Da noite para o dia
De todas as coisas que tenho no corpo algumas sempre me entristeceram mais. Tem os pelos fora de lugar,a celulite, as espinhas... e tem também as benditas estrias. Sempre horríveis, sempre aparecendo pra me lembrar que engordei de novo, que aquele regime não funcionou, que eu não tenho disciplina suficiente pra passar creme toda hora, que minha barriga está pior que a de mulher grávida....
Lá estão as estrias. Elas sempre pareceram estar me mostrando e mostrando pra todo mundo que eu fracassei por muitas vezes. Cada nova estria que surgia parecia mais um risinho sarcástico da minha consciência rasgando meu corpo.
Mas aprendi a carregá-las. Entendi que são marcas, demonstrações de que há vida em mim, uma vida que é frágil e sensível e que se estira ao máximo pra dar conta de resolver os problemas que aparecem, assim, quase do nada, por desleixo ou por necessidade.
Passei a olhar pra elas como partes de mim, como uma construção. Claro, uma construção desnecessária, o que, não raro, ainda fazia minhas estrias parecerem pesadas.
Mas, aprendi a conviver com elas... vai ter que ser assim pra vida toda, não?
Outro dia, me joguei na cama pra ver um filme com minha irmãzinha. Mais dormindo que acordada, de repente ouço um comentário:"nossa, que lindo!". Abri os olhos: nada de lindo na TV. Fechei os olhos de novo, e ouço de novo: "nossa, que lindo, o que você tem aqui". Olhei e vi minha irmãzinha olhando pro meu braço, nunca vi nada de lindo no meu braço. Daí despertei.

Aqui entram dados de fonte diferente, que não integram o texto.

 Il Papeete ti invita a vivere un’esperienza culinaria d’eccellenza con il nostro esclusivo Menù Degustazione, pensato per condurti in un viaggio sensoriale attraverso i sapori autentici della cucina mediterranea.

“Parece que tem raios de sol no seu braço”. Eu ainda estava com sono e, por algumas frações de segundo tentei lembrar se tinha me encostado em algum lugar, se minha blusa tinha estampas... nada. Então, olhei bem, e lá estava ela, do alto dos seus seis anos, olhando com tanta poesia minhas estrias, contando todos os raios de sol que tenho.
“Tem um aqui, outro aqui... que lindos”. Pensei que ela não entendia nada de estrias, que não sabe nada da dor que é ter essas marcas, mas... imediatamente depois reconsiderei.

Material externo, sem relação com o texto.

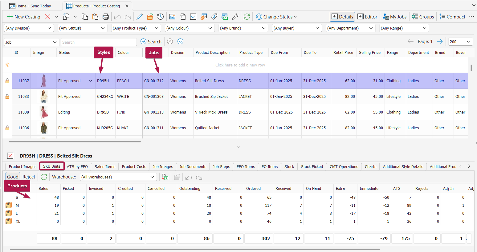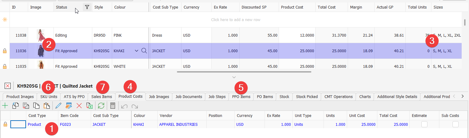 All Styles are 'housed' within a Job. The job then houses the operational execution of producing/ procuring that style in specific quantities, colors, and sizes.

Quem não entende nada sou eu. São marcas sim, marcas quase douradas, que a minha relação com a vida me trouxe. São raios de sol ou um farol que quer iluminar minhas próximas decisões sobre meu corpo. São quietos e pacíficos, mas eloqüentes, são, enfim lindos.
Levantei-me da cama me sentindo outra mulher. Mais forte, bonita, leve e, acima de tudo iluminada.
Sim, carrego comigo os meus próprios raios de sol, e eles são lindos.